━━ Information provided ━━
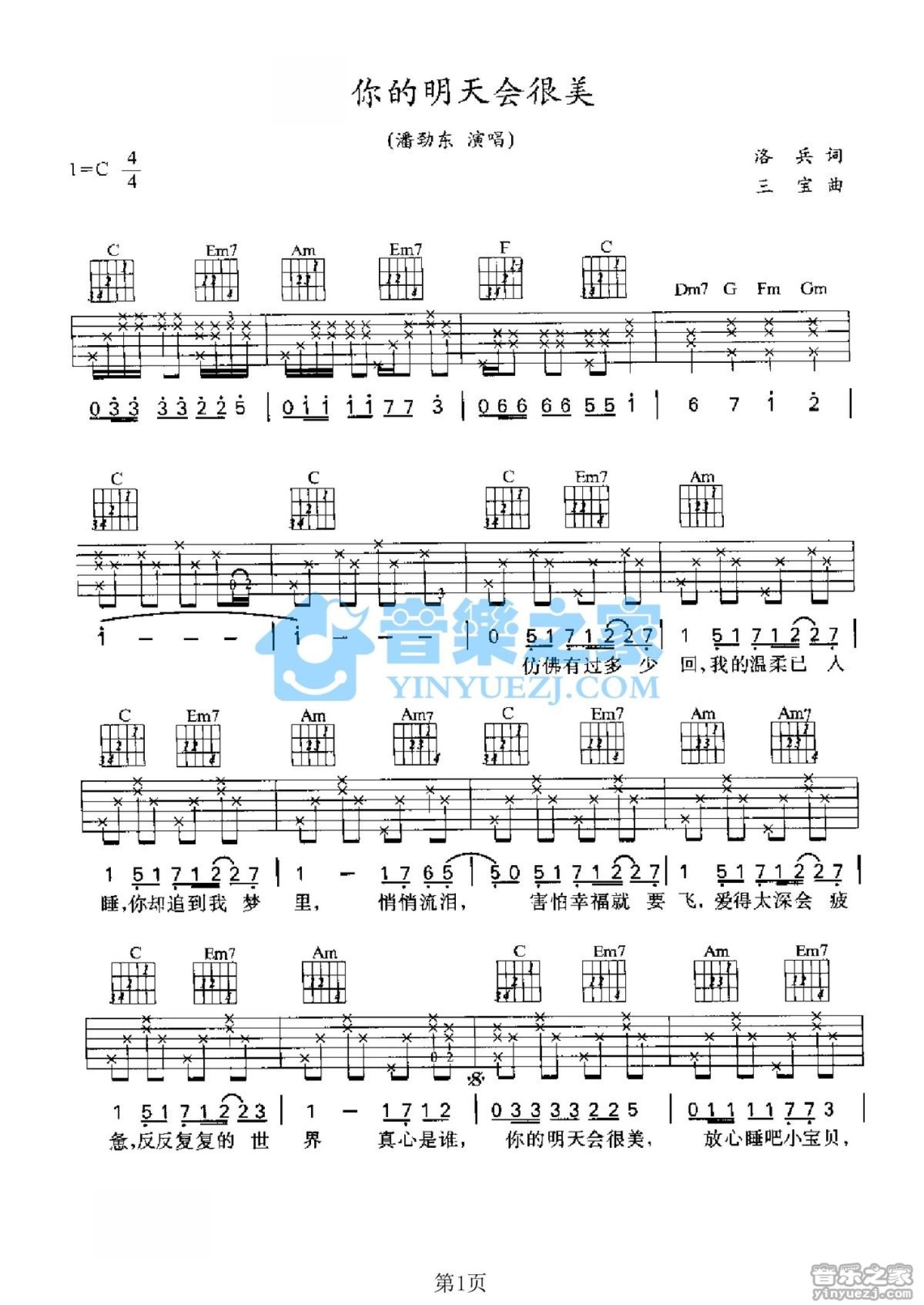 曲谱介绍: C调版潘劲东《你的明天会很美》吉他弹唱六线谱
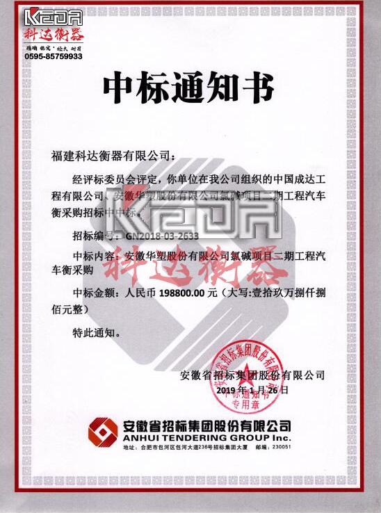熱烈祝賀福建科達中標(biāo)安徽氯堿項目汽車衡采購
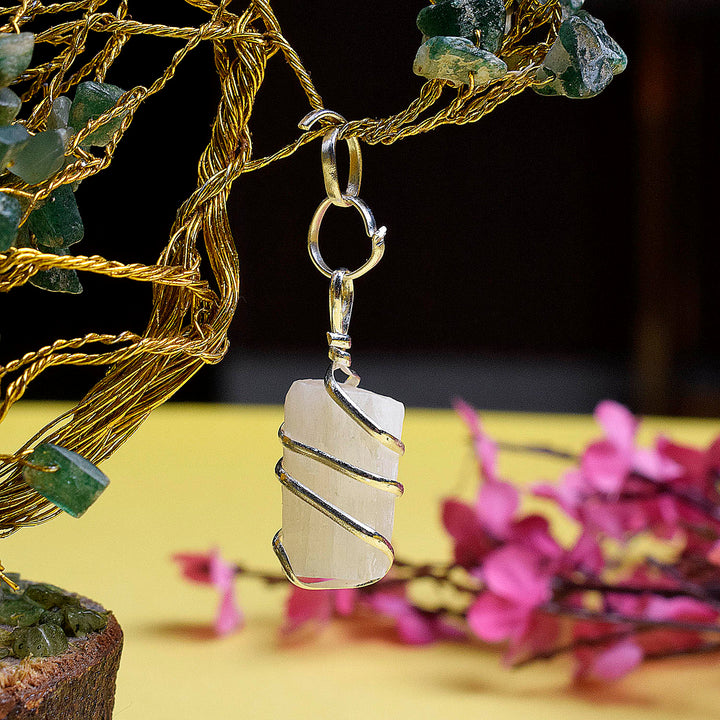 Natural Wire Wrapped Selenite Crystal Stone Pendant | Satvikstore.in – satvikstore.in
━━━
━━ Information provided ━━
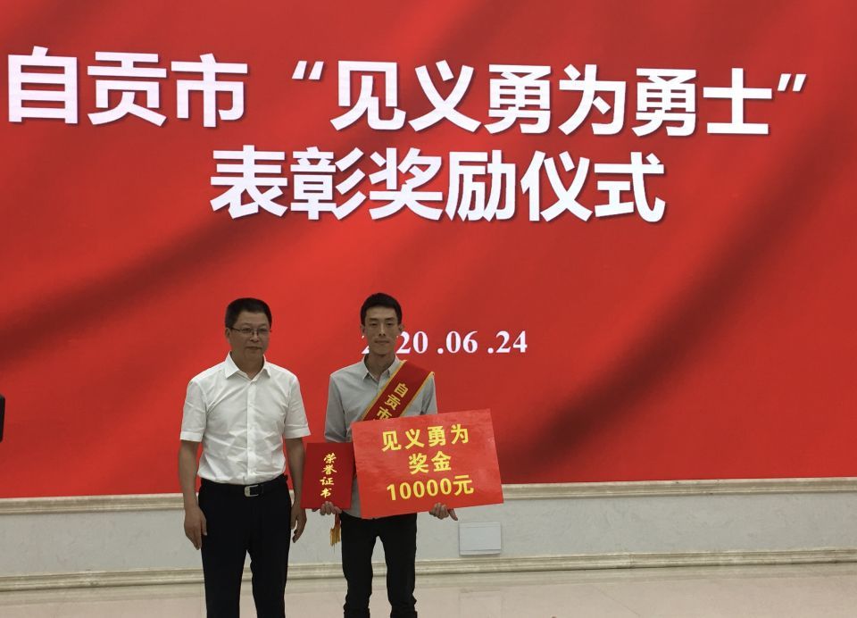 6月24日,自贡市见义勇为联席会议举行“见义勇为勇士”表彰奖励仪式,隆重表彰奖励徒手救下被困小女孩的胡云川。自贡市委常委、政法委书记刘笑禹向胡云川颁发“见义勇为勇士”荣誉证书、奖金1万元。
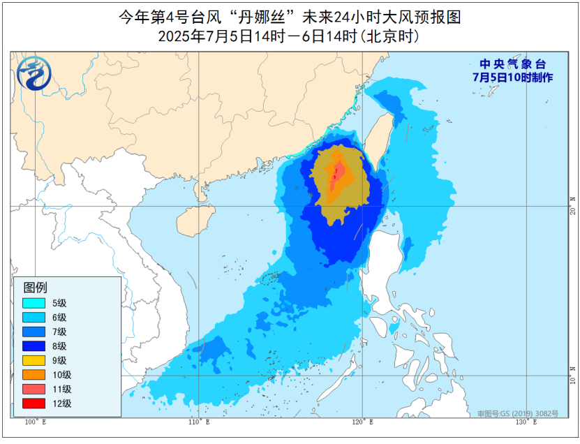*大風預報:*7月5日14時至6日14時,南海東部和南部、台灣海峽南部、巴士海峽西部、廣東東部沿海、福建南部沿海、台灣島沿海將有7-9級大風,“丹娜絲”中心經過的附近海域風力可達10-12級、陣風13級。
━━━
━━ Information provided ━━
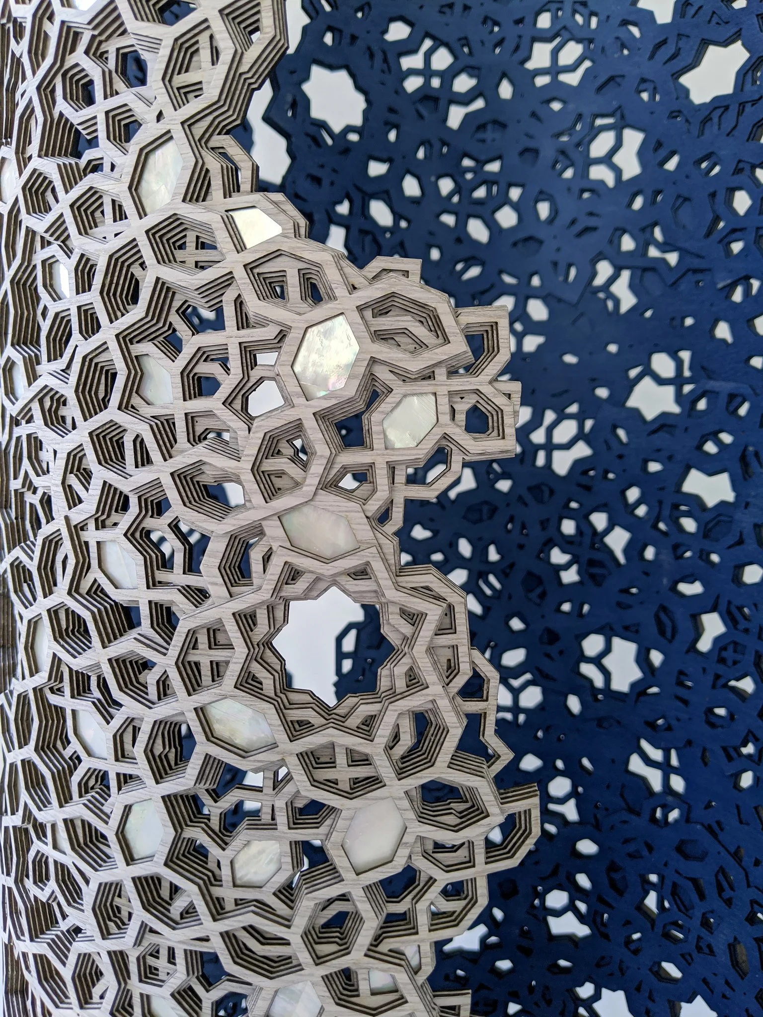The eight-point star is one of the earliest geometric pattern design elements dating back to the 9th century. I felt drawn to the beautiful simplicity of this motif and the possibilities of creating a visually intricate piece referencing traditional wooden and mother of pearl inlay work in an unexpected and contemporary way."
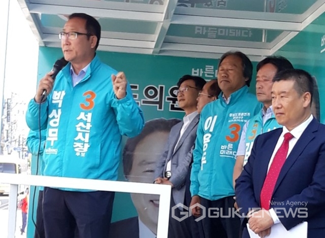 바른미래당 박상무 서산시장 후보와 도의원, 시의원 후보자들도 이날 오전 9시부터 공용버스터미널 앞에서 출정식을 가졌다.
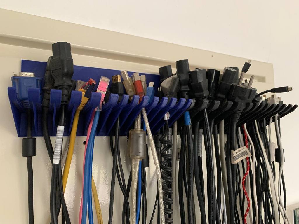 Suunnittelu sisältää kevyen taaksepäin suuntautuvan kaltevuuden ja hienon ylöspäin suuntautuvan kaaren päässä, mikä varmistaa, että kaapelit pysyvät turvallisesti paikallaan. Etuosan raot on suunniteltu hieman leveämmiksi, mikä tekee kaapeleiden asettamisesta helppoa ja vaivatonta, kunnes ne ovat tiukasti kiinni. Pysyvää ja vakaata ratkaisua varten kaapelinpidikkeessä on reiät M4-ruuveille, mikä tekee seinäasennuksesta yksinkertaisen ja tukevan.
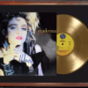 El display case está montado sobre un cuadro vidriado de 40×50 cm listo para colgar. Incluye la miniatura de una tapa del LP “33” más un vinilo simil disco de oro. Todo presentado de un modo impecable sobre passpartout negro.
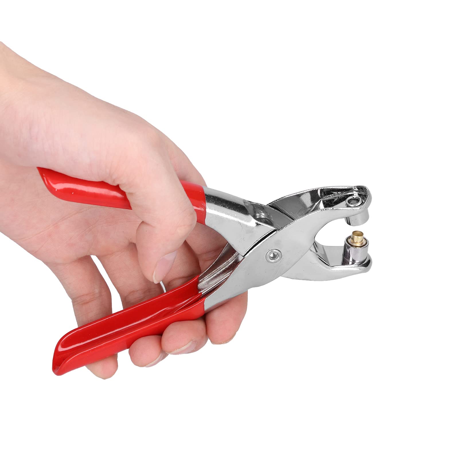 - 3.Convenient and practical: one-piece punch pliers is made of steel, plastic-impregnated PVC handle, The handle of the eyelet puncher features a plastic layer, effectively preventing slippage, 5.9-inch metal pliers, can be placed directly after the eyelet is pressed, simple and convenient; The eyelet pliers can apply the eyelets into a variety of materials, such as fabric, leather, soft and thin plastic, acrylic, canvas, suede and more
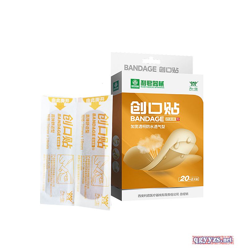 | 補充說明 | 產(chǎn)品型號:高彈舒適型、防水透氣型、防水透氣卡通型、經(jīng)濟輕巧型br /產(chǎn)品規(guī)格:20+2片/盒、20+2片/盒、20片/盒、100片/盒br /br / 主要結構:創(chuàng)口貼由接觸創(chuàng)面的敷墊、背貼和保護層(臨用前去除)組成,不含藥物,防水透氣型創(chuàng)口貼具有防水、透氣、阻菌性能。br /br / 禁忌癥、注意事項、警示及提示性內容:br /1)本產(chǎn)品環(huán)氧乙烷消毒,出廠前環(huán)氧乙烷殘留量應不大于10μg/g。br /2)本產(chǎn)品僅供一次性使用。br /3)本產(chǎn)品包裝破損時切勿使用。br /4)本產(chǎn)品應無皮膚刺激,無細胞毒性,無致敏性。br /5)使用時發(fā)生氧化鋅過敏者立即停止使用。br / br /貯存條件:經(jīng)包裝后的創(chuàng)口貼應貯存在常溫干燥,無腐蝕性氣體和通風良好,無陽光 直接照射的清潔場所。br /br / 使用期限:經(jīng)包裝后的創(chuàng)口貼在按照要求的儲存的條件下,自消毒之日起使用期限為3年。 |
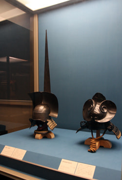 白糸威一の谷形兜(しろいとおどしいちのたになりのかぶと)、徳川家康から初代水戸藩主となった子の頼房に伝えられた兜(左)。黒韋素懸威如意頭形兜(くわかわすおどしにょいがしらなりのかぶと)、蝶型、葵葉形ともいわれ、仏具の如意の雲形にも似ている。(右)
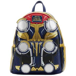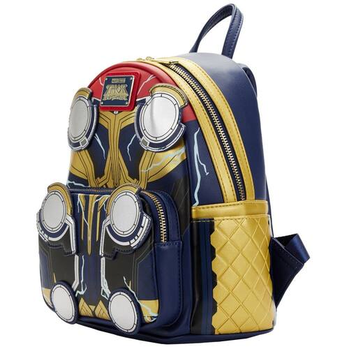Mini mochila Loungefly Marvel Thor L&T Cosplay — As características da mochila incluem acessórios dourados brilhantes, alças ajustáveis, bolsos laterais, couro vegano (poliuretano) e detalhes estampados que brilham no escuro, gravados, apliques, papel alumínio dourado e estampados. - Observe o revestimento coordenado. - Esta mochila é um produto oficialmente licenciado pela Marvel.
━━━
■ **Exercise details**
From the records above, transcribe exactly the lines starting at the one containing "補充說明 | 產(chǎn)品型號:高彈舒適型、防水透氣型、防水透氣卡通型、經(jīng)濟輕巧型br" and ending at the one containing "白糸威一の谷形兜(しろいとお". Skip the pictures.

■ **Your response**
 | 補充說明 | 產(chǎn)品型號:高彈舒適型、防水透氣型、防水透氣卡通型、經(jīng)濟輕巧型br /產(chǎn)品規(guī)格:20+2片/盒、20+2片/盒、20片/盒、100片/盒br /br / 主要結構:創(chuàng)口貼由接觸創(chuàng)面的敷墊、背貼和保護層(臨用前去除)組成,不含藥物,防水透氣型創(chuàng)口貼具有防水、透氣、阻菌性能。br /br / 禁忌癥、注意事項、警示及提示性內容:br /1)本產(chǎn)品環(huán)氧乙烷消毒,出廠前環(huán)氧乙烷殘留量應不大于10μg/g。br /2)本產(chǎn)品僅供一次性使用。br /3)本產(chǎn)品包裝破損時切勿使用。br /4)本產(chǎn)品應無皮膚刺激,無細胞毒性,無致敏性。br /5)使用時發(fā)生氧化鋅過敏者立即停止使用。br / br /貯存條件:經(jīng)包裝后的創(chuàng)口貼應貯存在常溫干燥,無腐蝕性氣體和通風良好,無陽光 直接照射的清潔場所。br /br / 使用期限:經(jīng)包裝后的創(chuàng)口貼在按照要求的儲存的條件下,自消毒之日起使用期限為3年。 |
 白糸威一の谷形兜(しろいとおどしいちのたになりのかぶと)、徳川家康から初代水戸藩主となった子の頼房に伝えられた兜(左)。黒韋素懸威如意頭形兜(くわかわすおどしにょいがしらなりのかぶと)、蝶型、葵葉形ともいわれ、仏具の如意の雲形にも似ている。(右)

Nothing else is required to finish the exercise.